- [RECORD SET]:
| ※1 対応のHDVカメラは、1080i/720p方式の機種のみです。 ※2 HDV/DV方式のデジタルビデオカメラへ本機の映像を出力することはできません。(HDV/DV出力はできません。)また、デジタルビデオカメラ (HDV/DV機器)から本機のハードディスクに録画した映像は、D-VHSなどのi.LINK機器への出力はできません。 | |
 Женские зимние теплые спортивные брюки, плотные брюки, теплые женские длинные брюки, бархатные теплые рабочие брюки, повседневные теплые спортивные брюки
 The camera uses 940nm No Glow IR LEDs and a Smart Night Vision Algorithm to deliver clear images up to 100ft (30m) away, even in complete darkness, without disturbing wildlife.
* * *
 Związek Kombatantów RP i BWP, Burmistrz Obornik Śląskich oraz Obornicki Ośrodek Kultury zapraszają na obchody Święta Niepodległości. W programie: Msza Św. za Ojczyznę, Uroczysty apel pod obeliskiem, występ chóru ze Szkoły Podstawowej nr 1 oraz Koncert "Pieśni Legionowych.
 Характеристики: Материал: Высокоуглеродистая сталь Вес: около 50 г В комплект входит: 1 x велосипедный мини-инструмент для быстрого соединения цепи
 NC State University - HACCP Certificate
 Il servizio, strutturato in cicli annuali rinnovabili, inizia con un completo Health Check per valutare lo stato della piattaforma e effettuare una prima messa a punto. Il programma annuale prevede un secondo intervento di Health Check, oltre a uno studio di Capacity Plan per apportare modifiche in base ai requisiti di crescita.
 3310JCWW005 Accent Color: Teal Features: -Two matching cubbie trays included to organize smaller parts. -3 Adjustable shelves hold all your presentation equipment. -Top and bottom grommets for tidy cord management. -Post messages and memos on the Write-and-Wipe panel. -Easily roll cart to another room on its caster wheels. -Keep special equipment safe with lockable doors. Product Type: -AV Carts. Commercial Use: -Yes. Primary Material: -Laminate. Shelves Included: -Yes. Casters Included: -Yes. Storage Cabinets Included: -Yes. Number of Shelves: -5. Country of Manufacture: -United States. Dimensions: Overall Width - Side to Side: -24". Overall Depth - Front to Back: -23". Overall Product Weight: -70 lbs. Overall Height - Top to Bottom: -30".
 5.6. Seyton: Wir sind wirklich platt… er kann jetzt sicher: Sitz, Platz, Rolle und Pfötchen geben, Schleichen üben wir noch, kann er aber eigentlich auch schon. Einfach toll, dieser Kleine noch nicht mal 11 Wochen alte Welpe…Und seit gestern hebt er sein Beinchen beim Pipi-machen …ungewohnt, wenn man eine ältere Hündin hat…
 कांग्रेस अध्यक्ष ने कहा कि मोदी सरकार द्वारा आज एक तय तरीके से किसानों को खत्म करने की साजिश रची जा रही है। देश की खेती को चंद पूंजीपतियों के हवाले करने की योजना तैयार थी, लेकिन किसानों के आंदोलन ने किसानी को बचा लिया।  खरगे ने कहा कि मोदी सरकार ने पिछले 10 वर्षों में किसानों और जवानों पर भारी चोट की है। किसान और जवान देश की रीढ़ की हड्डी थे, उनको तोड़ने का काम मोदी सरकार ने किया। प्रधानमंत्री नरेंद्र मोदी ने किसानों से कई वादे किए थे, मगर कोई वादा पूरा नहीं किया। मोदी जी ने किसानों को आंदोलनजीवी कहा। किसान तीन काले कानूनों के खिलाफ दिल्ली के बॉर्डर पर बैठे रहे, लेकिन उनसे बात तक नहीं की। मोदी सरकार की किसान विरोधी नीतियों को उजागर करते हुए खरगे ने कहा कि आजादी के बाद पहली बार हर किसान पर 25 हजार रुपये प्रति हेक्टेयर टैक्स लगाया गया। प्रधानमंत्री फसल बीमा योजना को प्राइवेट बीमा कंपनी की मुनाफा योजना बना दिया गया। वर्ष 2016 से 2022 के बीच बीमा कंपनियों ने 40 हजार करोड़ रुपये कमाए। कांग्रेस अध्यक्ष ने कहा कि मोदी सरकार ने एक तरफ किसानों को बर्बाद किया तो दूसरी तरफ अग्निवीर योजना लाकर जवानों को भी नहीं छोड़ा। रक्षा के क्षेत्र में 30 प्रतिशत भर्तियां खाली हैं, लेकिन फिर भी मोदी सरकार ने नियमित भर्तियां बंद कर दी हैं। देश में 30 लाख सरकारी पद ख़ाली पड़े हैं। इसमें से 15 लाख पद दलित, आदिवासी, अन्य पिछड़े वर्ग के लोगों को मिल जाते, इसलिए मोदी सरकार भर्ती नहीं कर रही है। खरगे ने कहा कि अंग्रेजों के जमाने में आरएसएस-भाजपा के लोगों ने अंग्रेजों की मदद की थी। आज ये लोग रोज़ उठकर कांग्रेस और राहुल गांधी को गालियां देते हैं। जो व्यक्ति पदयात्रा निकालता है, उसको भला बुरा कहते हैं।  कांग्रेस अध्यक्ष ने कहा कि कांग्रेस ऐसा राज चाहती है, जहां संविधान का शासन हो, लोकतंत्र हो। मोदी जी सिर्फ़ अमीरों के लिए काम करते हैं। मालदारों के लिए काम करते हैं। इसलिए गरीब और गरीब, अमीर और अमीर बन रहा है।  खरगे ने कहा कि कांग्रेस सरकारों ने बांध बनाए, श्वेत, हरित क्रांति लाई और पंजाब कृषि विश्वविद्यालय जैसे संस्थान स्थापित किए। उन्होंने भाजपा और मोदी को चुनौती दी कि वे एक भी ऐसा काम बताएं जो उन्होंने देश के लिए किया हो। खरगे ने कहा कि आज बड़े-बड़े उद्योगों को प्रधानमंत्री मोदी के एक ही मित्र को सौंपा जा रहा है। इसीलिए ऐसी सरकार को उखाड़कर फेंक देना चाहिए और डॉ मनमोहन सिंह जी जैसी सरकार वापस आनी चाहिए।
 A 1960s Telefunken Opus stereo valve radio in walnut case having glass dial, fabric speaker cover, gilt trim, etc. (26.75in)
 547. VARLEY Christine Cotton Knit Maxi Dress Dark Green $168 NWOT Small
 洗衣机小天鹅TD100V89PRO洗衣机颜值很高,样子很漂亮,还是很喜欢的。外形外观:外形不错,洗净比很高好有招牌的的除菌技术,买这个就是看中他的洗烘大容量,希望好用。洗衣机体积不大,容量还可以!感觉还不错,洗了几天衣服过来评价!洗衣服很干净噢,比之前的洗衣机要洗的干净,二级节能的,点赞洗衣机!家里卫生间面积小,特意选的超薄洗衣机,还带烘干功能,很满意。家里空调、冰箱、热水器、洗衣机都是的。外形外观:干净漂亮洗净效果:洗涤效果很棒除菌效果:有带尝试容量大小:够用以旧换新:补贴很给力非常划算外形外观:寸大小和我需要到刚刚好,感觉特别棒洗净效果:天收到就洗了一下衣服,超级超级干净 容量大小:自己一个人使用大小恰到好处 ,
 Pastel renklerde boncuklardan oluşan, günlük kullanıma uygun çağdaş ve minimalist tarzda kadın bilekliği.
==
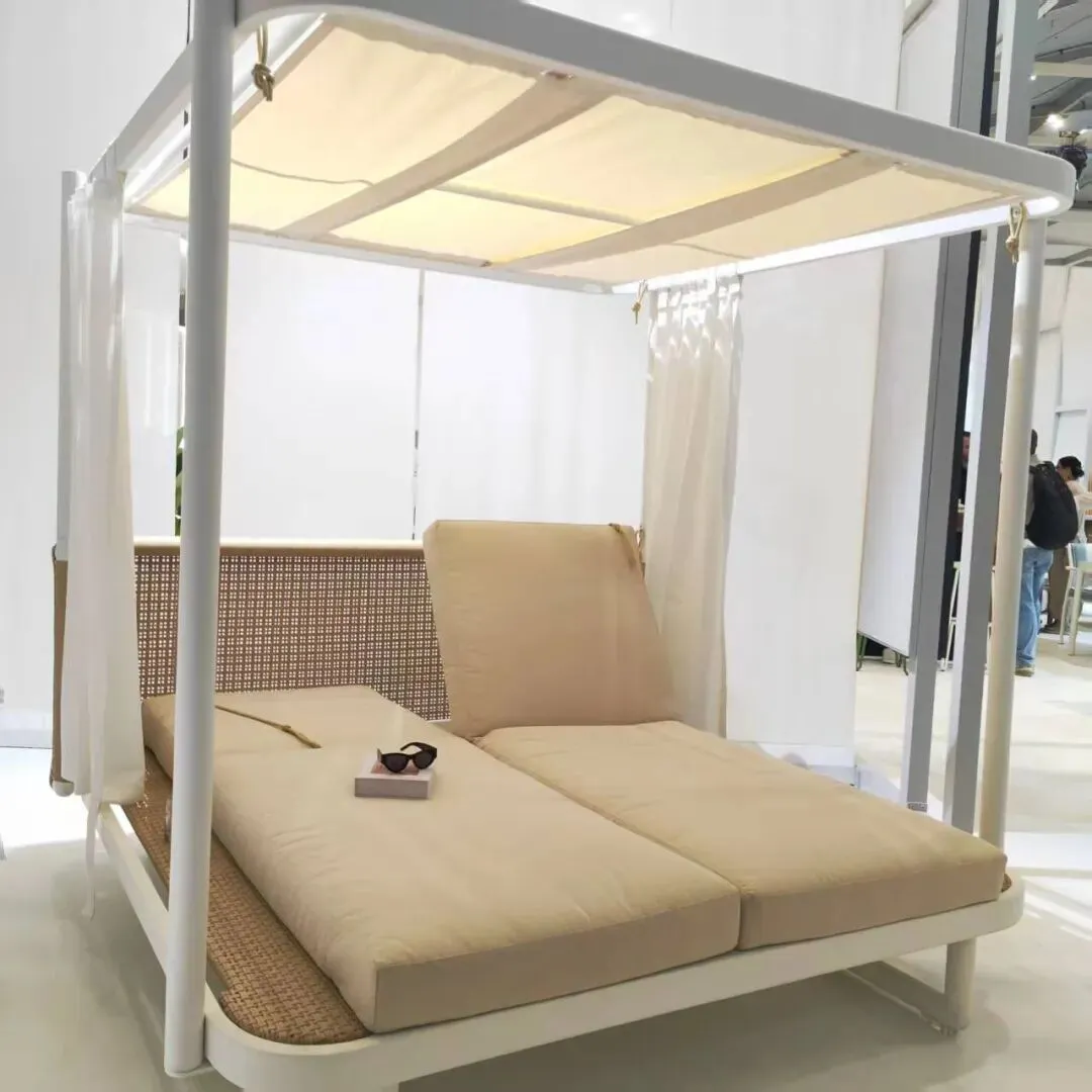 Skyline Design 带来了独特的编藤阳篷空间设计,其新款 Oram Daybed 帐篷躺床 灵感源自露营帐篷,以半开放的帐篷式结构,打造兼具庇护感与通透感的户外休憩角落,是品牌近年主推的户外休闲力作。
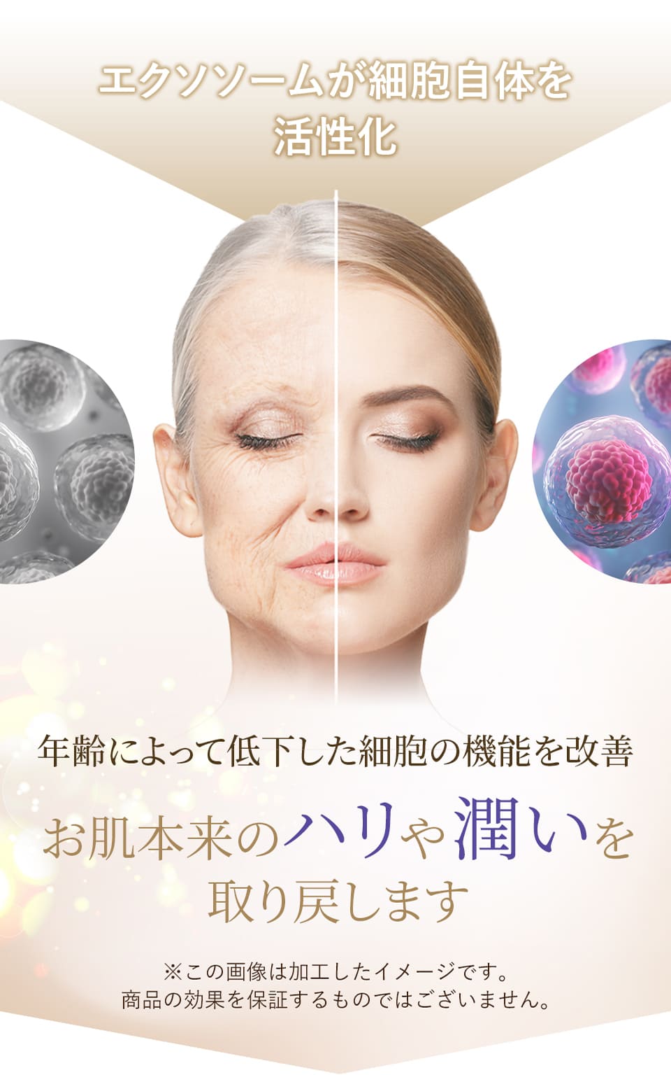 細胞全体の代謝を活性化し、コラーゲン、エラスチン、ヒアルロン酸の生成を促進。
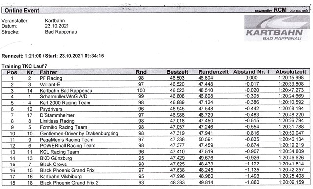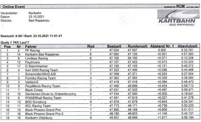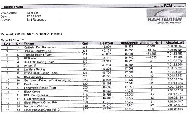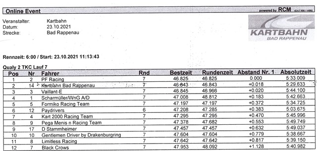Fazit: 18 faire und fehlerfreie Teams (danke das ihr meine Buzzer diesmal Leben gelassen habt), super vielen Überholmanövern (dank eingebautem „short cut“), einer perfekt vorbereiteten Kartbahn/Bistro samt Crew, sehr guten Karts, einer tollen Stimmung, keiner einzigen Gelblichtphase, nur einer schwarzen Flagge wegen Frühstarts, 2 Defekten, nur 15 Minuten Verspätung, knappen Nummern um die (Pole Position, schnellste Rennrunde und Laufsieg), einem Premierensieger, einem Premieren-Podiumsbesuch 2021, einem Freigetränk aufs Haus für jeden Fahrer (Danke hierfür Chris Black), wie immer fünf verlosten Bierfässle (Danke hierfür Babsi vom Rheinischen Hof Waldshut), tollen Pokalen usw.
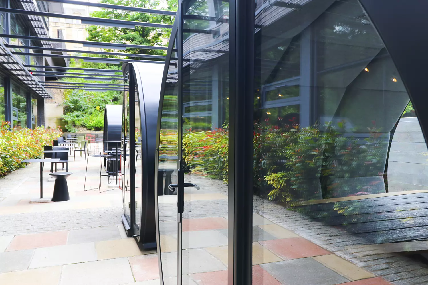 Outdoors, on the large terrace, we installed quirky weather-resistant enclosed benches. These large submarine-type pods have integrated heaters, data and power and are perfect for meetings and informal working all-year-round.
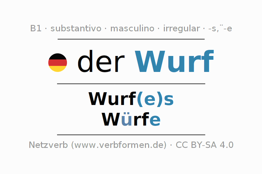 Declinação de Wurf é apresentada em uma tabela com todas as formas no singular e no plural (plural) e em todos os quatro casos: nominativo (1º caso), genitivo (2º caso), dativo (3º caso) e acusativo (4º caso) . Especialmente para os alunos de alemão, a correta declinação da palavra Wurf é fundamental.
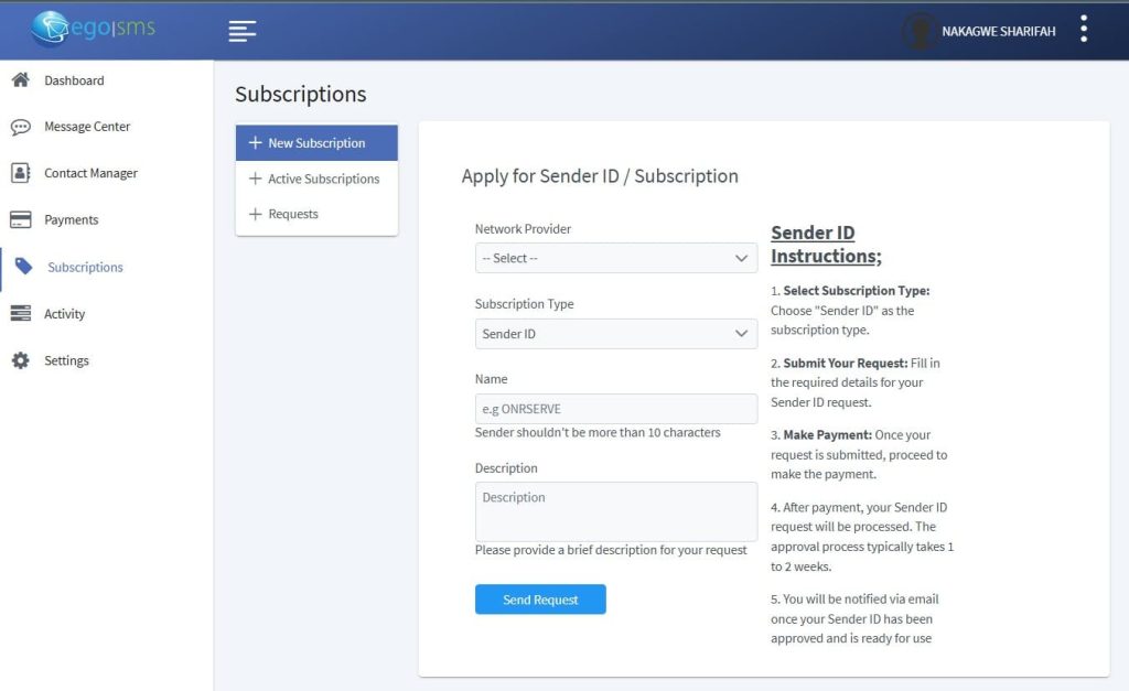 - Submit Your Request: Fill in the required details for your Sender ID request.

- [EXERCISE DETAILS]: Write out exactly the lines above from the line with "(HDV/DV機器)から本機のハードディスクに録画した映像は、D-VHSなどのi.LINK機器への出力はできません。 | |" through the line with "The camera uses", both of them included, and leave out all other lines.

- [SOLUTION TO THIS EXERCISE]:
| ※1 対応のHDVカメラは、1080i/720p方式の機種のみです。 ※2 HDV/DV方式のデジタルビデオカメラへ本機の映像を出力することはできません。(HDV/DV出力はできません。)また、デジタルビデオカメラ (HDV/DV機器)から本機のハードディスクに録画した映像は、D-VHSなどのi.LINK機器への出力はできません。 | |
 Женские зимние теплые спортивные брюки, плотные брюки, теплые женские длинные брюки, бархатные теплые рабочие брюки, повседневные теплые спортивные брюки
 The camera uses 940nm No Glow IR LEDs and a Smart Night Vision Algorithm to deliver clear images up to 100ft (30m) away, even in complete darkness, without disturbing wildlife.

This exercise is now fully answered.